*Exercise inputs*:
================

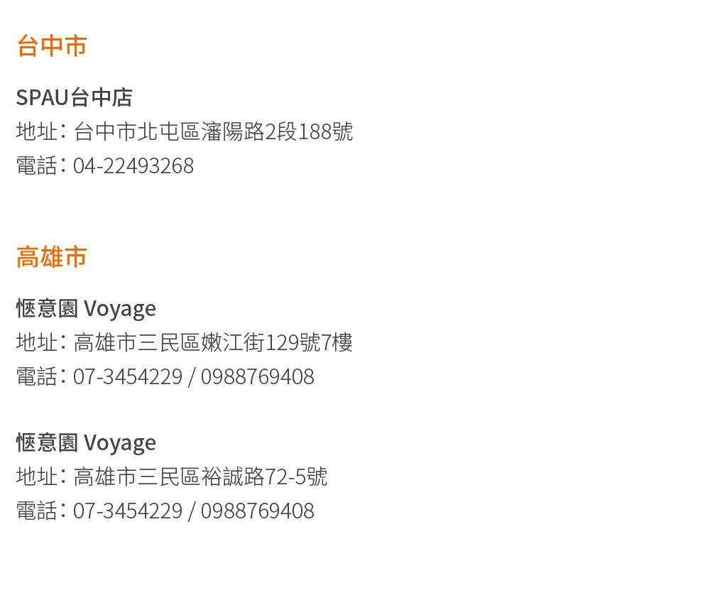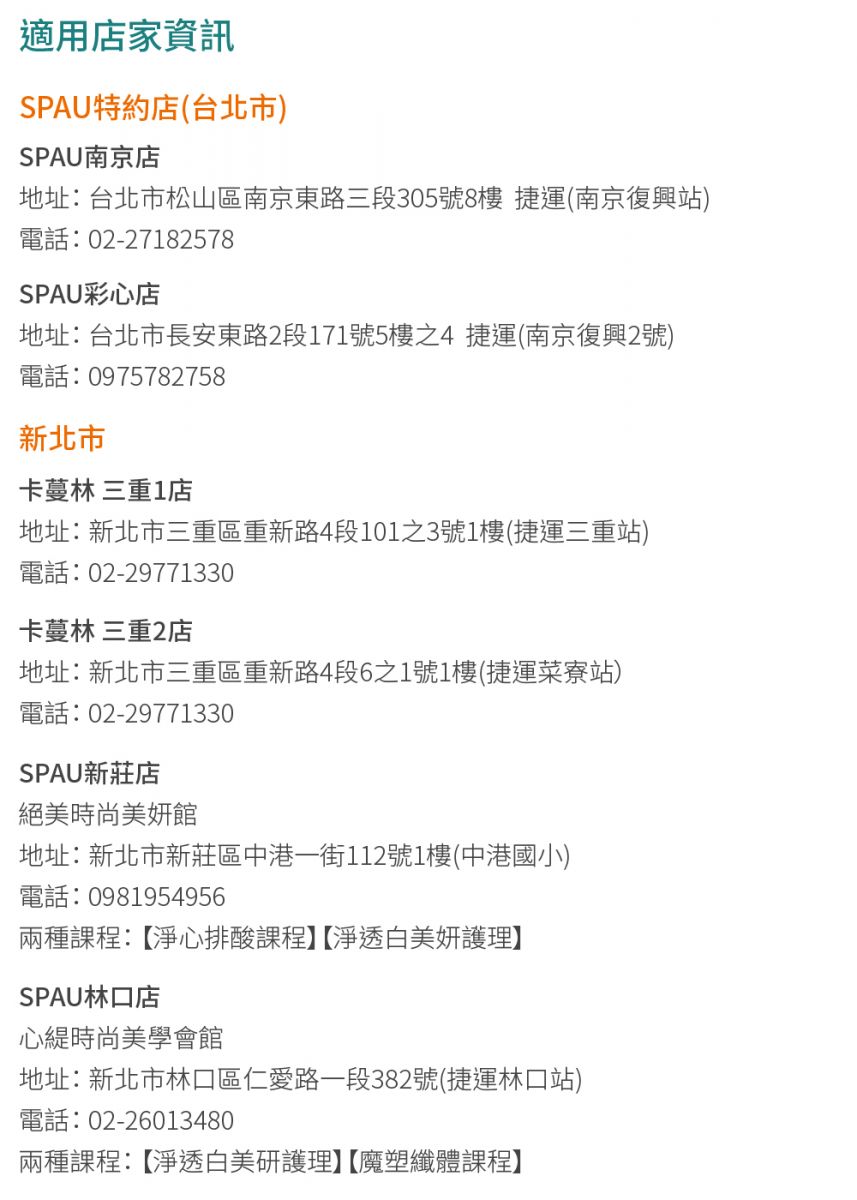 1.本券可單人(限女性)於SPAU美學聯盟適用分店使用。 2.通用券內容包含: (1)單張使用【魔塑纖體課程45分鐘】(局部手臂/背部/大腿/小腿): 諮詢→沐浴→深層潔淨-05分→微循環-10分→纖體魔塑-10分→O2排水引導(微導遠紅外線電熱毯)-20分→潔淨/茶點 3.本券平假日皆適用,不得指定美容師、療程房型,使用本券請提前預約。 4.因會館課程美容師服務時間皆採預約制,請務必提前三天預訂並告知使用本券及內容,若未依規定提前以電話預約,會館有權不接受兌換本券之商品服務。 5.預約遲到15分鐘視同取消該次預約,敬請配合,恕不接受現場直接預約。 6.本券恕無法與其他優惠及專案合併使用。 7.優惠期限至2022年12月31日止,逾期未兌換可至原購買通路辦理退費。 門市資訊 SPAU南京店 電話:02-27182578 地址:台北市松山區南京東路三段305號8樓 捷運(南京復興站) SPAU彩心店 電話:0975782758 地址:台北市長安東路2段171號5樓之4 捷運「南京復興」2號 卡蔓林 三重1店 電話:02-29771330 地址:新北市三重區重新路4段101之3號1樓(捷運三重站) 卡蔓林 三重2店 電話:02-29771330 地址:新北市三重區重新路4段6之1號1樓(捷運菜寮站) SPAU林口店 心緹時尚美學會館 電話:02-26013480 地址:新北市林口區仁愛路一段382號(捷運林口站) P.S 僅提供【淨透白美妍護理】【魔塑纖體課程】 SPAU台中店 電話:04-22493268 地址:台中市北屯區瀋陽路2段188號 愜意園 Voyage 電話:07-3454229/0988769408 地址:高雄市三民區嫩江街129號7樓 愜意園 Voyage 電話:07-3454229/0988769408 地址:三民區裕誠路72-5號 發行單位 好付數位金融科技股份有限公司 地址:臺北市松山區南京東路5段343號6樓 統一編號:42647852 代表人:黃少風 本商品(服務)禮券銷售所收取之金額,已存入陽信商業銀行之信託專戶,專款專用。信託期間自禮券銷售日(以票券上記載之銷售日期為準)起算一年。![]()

================

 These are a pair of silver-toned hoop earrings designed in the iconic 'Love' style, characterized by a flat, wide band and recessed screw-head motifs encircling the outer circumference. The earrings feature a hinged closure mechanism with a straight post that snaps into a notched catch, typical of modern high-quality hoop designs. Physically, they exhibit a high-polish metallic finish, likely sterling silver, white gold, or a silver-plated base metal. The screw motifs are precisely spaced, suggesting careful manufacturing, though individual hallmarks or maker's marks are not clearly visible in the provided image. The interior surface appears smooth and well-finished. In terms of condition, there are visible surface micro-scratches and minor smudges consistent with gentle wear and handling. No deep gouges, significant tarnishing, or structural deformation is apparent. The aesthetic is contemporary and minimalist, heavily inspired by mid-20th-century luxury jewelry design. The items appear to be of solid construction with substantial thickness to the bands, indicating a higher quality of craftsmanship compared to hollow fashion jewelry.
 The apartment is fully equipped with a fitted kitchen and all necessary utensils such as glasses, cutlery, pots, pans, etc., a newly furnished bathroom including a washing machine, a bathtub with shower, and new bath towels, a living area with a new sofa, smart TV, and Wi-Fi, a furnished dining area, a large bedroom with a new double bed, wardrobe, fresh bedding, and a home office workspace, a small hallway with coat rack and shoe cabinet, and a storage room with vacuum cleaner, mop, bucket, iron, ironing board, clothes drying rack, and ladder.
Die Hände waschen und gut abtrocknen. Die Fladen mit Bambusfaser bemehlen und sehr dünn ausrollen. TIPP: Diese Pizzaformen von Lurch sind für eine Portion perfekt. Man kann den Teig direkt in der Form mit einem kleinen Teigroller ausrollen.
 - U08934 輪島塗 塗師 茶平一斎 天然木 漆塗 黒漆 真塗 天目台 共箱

================

*Work request*:
Out of the entries above, write out only the lines between the line holding "Die Hände waschen" and the line holding "- U08934 輪島塗 塗師 茶平一斎 天然木 漆塗 黒漆 真塗 天目台 共箱", inclusive, each exactly as given.

*Exercise output*:
Die Hände waschen und gut abtrocknen. Die Fladen mit Bambusfaser bemehlen und sehr dünn ausrollen. TIPP: Diese Pizzaformen von Lurch sind für eine Portion perfekt. Man kann den Teig direkt in der Form mit einem kleinen Teigroller ausrollen.
 - U08934 輪島塗 塗師 茶平一斎 天然木 漆塗 黒漆 真塗 天目台 共箱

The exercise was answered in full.